ASC: He preserves the Paul Simon feel very well. Curtis has a Willie Nelson sound but a Paul Simon artistry. I like Larry’s piano here.

PLE: I love how he is interpreting this, it’s a moving song and Curtis really gets into it. But he is not varying much from Paul Simon’s original, thank goodness. The simplicity of the arrangement is in Curtis’s favor here. It’s a good match for his voice, and he can be a very expressive singer. You feel his pain. Nice.

ASC: And it’s one of the few tracks with a duet arrangement. I’d like to see a recording of just duets from these two. Let the focus be on the lyric and the emotion—Real Emotional.

PLE: Dan Zanes’s “Night Owl” is hipster Curtis again. This could be a Madeleine Peyroux song. It would be great to hear Curtis and Madeleine together someday.

ASC: This has a Frank Sinatra hipness to it. A fun tune with great lyrics.

PLE: It’s sassy and sly and Curtis does sassy really well. But get the B-3 out of there! We don’t need it. Goldings has put a layer of airy, reedy chords under many things on this album and it’s superfluous.

ASC: I like the sax intro to Mose Allison’s “Your Mind Is On Vacation.” It complements Curtis’s voice well—that bit of grit, but I just heard Mose sing it himself [in St. Paul at the Artists’ Quarter]. Mose is 80 and it’s his song. He gives it a unique quality; no one can match him.

PLE: Mose is so deliciously dry and ironic. Of course Mose doesn’t sing the actual notes—he kind of talks around them—and that’s another reason why it works.

ASC: Instrumentally, they do some bluesy dark things here; it swings. And really, if I had not heard Mose do it, I would like this better. Curtis is more convincing as a balladeer than as a bluesman.

PLE: “I Need You” [Stigers and Goldings] breaks my heart. This one fits the title of the CD.

ASC: Again, it’s just the two of them and a simple arrangement—it is the formula that works so well. And I prefer Larry Goldings on piano rather than B-3.

PLE: This song is very convincing.
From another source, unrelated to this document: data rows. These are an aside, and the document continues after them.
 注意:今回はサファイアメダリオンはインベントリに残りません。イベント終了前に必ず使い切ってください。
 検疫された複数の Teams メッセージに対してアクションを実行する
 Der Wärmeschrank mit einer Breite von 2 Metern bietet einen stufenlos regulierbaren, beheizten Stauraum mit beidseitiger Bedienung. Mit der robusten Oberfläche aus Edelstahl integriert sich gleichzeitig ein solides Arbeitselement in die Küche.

I would find this powerfully moving performed live.

ASC: I really like Larry’s bass lines. I forgot it was just piano and was thinking Phil Palombi was on this track. Curtis and Larry make a good team!

PLE: If you eliminated some of the layers on the other tracks, this would be a stronger album.
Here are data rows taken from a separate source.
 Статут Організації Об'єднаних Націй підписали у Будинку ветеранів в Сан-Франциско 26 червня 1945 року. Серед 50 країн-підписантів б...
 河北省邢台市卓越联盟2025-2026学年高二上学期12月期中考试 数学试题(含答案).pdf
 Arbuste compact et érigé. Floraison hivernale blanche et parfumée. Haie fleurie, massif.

ASC: I first listened to this CD in the car, and the road noise eliminated some of the layers. On some tracks, I prefer it in the car stereo! When Curtis is singing on “Stardust,” Goldings drops the B-3 out in favor of Matt Fries’ piano, which I think was a wise choice.

PLE: I do love the B-3—Lonnie Smith, Joey D, Jimmy Smith. But with voice, it’s like a competition. There’s too much going on. Bottom line, I like Curtis best with his classic trio [Fries, Palombi, and Hall], which is how we see him live. Our reaction to this CD is probably colored by his live performances with the trio.

ASC: This is a bold recording, if not perfect. The arrangements often challenge you to find the musical thread. Sometimes that thread eludes me. And sometimes I find it if I keep listening. Maybe that is really the mark of a successful, if imperfect, recording? I had the opportunity to interview Curtis a few weeks ago. He said, “As I get older as a ‘jazz singer’ in quotes, I worry less about proving something to the jazz world and much more about telling a story.” Real Emotional is filled with stories. But I can’t wait to see/hear him tell these stories live, with his trio.